Macey hesitated, then agreed. The caller gave her an address and directions, and hung up. Macey was halfway in the motion of putting her phone back into her pocket when it buzzed again.
“For crying out loud,” she muttered, lifting it back to her ear. She gave Carl's corpse a cold glare as she answered, “Macey.”
“Hey, Macey, it's Imogen.”
“Hey, I've got that ID, his name is Carl Nelson.”
“Yeah, we just found out. We just secured Luke Greenwall and have him in custody.”
“Were you able to find out anything else?”
“Yes, actually,” Macey stepped away from the corpse and towards an operating table where she had scattered some reports in an attempt to make sense of everything. “Luke Greenwall is connected to the first two victims.”
“Shut the front door. You're kidding...”
“No, I'm dead serious. The first victim, Harry Cotter, went to school with Luke Greenwall. They had the same fourth grade teacher.”
“That's a bit of a stretch...”
“It is, but listen to this. Harry's co-worker Greg Stanton confessed to Harry's murder and was put away. He was found this morning in his cell, strangled, and they ruled it a suicide.”
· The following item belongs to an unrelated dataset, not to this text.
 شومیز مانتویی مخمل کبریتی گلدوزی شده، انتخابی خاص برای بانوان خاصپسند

“Right? Now, the second victim, Christopher Garland, is the son of Mickey Garland, who was once dating Luke's mother Irene. Christopher's ex-girlfriend Hailey Coher admitted to killing him, and was taken into custody last week, but was released due to circumstantial evidence. She was found in her apartment this morning.”
“Let me guess...dead?”
“Overdose. Also ruled suicide.”
“This isn't looking good for Luke.”
“Are you liking him for this?”
“I don't know, he just seems so....scared.”
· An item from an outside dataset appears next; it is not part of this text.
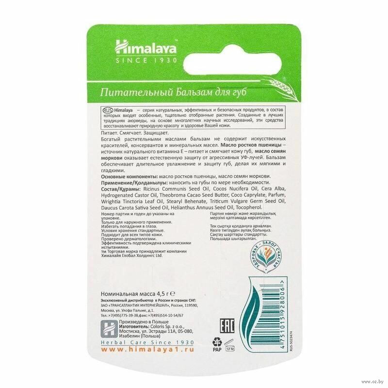 Бальзам для губ "Питательный с маслом ростков пшеницы" не содержит искусственных красителей, консервантов и минеральных масел.

“I'd be scared, too, if I were a serial killer and people were on to me.”
“Not that kind of scared. More like....like he'd never seen a dead guy before.”
“Possibly, but I don't think so. It's getting a bit late, but why don't you head down here tomorrow and take a look for yourself? Since you worked on the other cases, maybe you can give us a better feel for the guy.”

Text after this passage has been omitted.